*Input data*:

-----

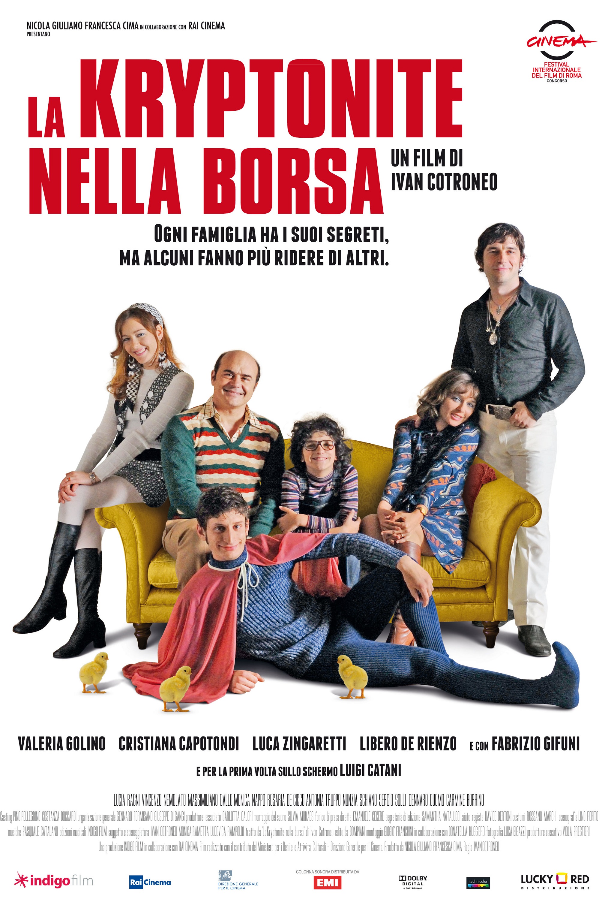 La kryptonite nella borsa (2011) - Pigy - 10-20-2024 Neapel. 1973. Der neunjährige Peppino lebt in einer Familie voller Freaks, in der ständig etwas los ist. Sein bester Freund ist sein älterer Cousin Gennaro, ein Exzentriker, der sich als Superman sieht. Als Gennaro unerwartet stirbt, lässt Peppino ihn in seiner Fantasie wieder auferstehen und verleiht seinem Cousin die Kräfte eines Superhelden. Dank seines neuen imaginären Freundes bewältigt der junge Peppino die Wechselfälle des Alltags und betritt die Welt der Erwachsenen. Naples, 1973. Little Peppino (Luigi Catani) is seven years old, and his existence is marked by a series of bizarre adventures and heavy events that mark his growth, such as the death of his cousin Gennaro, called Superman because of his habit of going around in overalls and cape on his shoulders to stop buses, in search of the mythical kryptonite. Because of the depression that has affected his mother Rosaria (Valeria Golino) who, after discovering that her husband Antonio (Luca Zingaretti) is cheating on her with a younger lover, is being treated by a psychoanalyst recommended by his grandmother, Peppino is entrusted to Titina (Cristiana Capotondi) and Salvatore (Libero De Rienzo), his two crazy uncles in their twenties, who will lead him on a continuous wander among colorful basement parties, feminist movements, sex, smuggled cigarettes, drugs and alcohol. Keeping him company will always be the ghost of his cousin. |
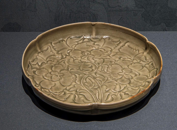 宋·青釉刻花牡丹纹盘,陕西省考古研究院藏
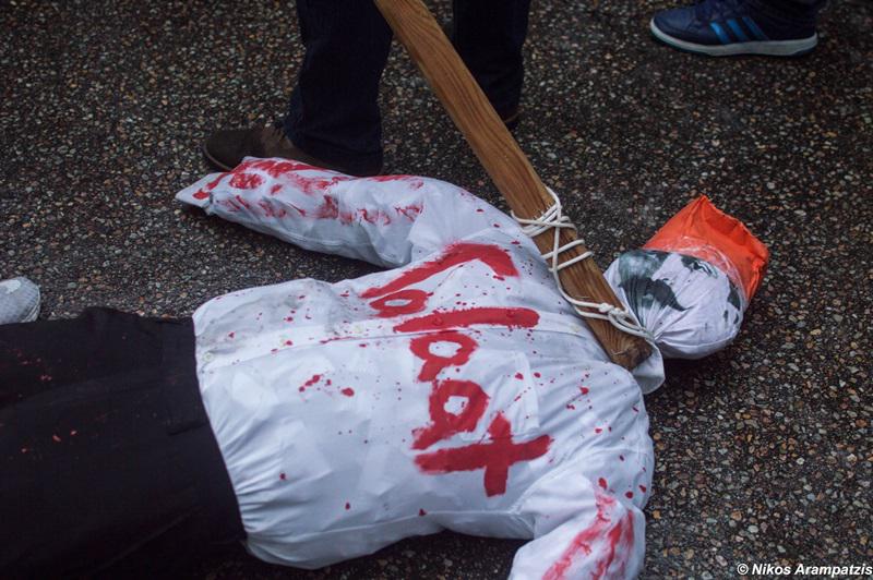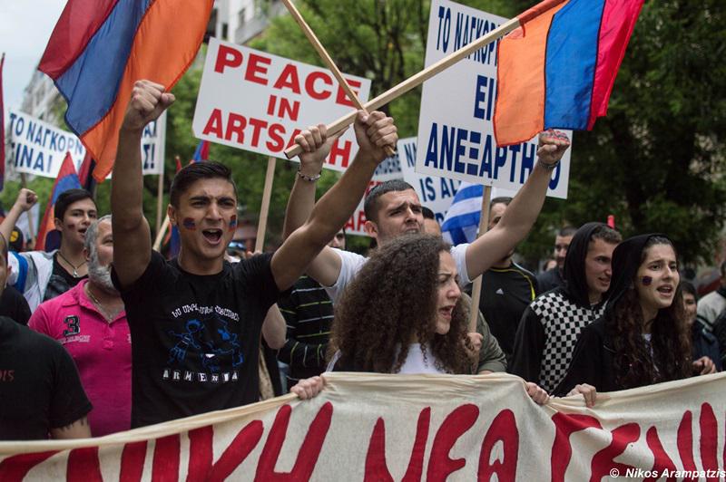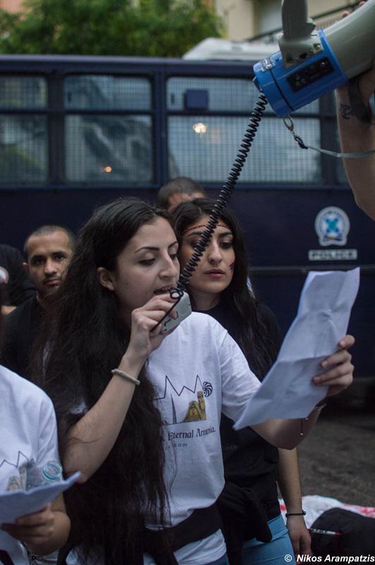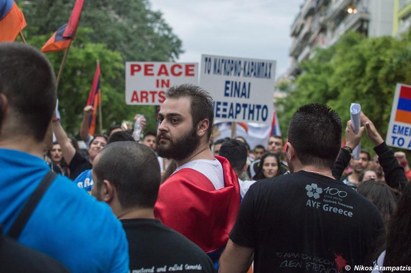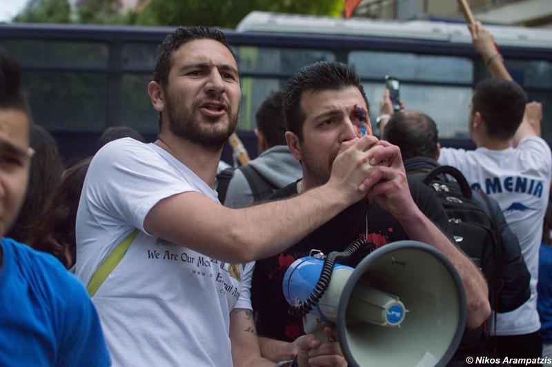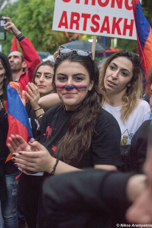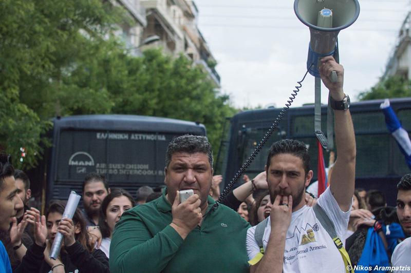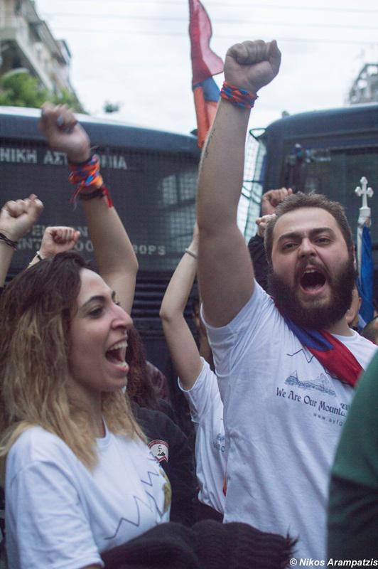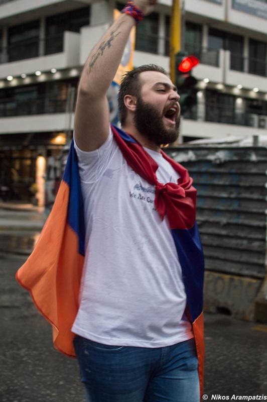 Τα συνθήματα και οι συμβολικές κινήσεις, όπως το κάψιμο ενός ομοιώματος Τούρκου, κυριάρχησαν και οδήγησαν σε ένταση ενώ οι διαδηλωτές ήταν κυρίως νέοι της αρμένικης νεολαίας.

-----

*Problem*: The whole listing above needs to be copied exactly; please keep the pictures out.

*Response to this exercise*:
 La kryptonite nella borsa (2011) - Pigy - 10-20-2024 Neapel. 1973. Der neunjährige Peppino lebt in einer Familie voller Freaks, in der ständig etwas los ist. Sein bester Freund ist sein älterer Cousin Gennaro, ein Exzentriker, der sich als Superman sieht. Als Gennaro unerwartet stirbt, lässt Peppino ihn in seiner Fantasie wieder auferstehen und verleiht seinem Cousin die Kräfte eines Superhelden. Dank seines neuen imaginären Freundes bewältigt der junge Peppino die Wechselfälle des Alltags und betritt die Welt der Erwachsenen. Naples, 1973. Little Peppino (Luigi Catani) is seven years old, and his existence is marked by a series of bizarre adventures and heavy events that mark his growth, such as the death of his cousin Gennaro, called Superman because of his habit of going around in overalls and cape on his shoulders to stop buses, in search of the mythical kryptonite. Because of the depression that has affected his mother Rosaria (Valeria Golino) who, after discovering that her husband Antonio (Luca Zingaretti) is cheating on her with a younger lover, is being treated by a psychoanalyst recommended by his grandmother, Peppino is entrusted to Titina (Cristiana Capotondi) and Salvatore (Libero De Rienzo), his two crazy uncles in their twenties, who will lead him on a continuous wander among colorful basement parties, feminist movements, sex, smuggled cigarettes, drugs and alcohol. Keeping him company will always be the ghost of his cousin. |
 宋·青釉刻花牡丹纹盘,陕西省考古研究院藏
 Τα συνθήματα και οι συμβολικές κινήσεις, όπως το κάψιμο ενός ομοιώματος Τούρκου, κυριάρχησαν και οδήγησαν σε ένταση ενώ οι διαδηλωτές ήταν κυρίως νέοι της αρμένικης νεολαίας.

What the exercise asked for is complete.